Case Study Overview
Four Years at TalkingPoints
From building data infrastructure from scratch to designing AI evaluation systems—four years of work at an EdTech company enabling multilingual school-family communication.
The Company
TalkingPoints enables multilingual communication between schools and families. 145+ languages, billions of messages exchanged. Teachers send messages, families receive them in their home language and can respond the same way.
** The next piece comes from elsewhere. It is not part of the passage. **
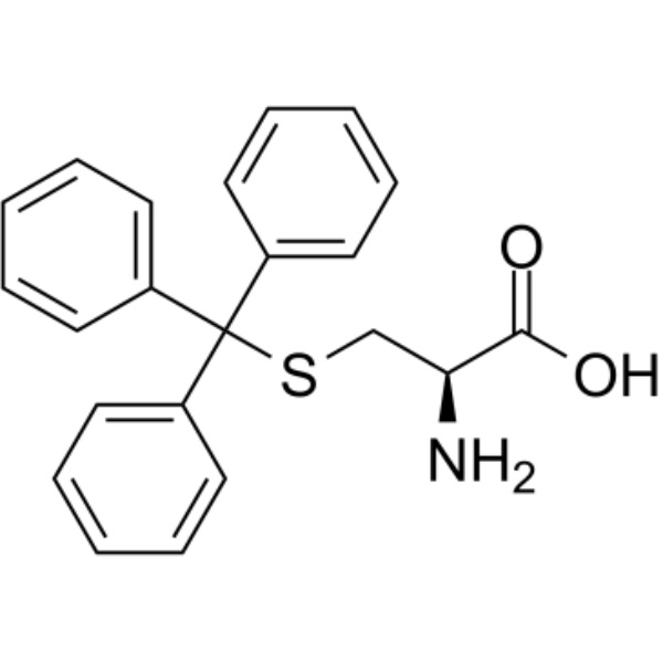 S-Trityl-L-Cystéine (H-Cys(Trt)-OH) (CAS : 2799-07-7) est une cystéine protégée pour la synthèse peptidique. La S-Trityl-L-Cystéine, un acide aminé non-naturel contenant du soufre, est couramment utilisé comme réactif dans la synthèse peptidique en phase solution (SPPS). Il est également utilisé comme liant métallique pour synthétiser des conjugués ferrocénoyl-peptides substitués à l'aide du réactif de couplage peptidique HBTU pour la solution d'applications de détection de cations via des interactions peptide/métal.

I joined the data team in April 2022 as the second data engineer. Over the next four years, I touched almost every part of the data stack—infrastructure, analytics, integrations, new products, and research.
The Work
Six areas of work, each with its own case study. Click through for the full story.
2022–2026
Built from scratch (-ish). Hevo → (a few other things 😬) → Fivetran, Medallion architecture with dbt, CI/CD on GitLab, 70% Snowflake cost reduction.
2022–2026
In-app analytics consulting, custom enterprise partner Tableau dashboards, internal self-service via Sigma and Streamlit. Laid the foundation for AI-powered analytics starting with an MCP server that let stakeholders chat directly with our warehouse.
2022–2026
Salesforce, PlanHat, Customer.io, Intercom/Dixa. Fuzzy matching with Jaro-Winkler. Philosophy: minimize friction for humans, don't replace them.
2024–2026
Data Rules Everything Around Me. New product vertical built from scratch. FastAPI, Pydantic, Kinesis Firehose. Architecture that enabled AI-assisted development.
2025–2026
Research infrastructure for impact analysis. Clio-inspired conversation analysis pipeline. Dialogue segmentation, utterance role labeling, privacy-preserving NLP at scale.
2024–2026
Message classification stewarded to production. Machine Translation Quality Estimation app for self-service evaluation. Cost safeguards and visible tradeoffs.
Highlights
- New product vertical enabled—built the data layer for Attendance, from real-time streaming ingestion to API delivery
- Research infrastructure built to test claims, not just support them—from traditional impact studies across tens of thousands of students to AI-powered conversation analysis pipelines
- Conversation analysis pipeline processing millions of multilingual messages with privacy-preserving NLP
- 10+ external systems integrated into a unified data platform—CRM, support, marketing, analytics, streaming
- Second data engineer when the team was six months old—built foundational infrastructure that scaled with the company
- AI/ML evaluation infrastructure—message classification pipeline, conversation segmentation, MT quality estimation app, cost safeguards. Built so non-technical teams could assess and control AI features themselves
- Custom translation models for low-resource languages like Capoverdian Creole and Karen—trained in-house on millions of educational translations, because no off-the-shelf API could serve these communities
What I Learned
Build so others can do it without you. When partner success can query the warehouse through an MCP server, when a principal can see their metrics without waiting on anyone—that's technology doing its job. Building things that depend on you is almost selfish. You're not that important; the mission is.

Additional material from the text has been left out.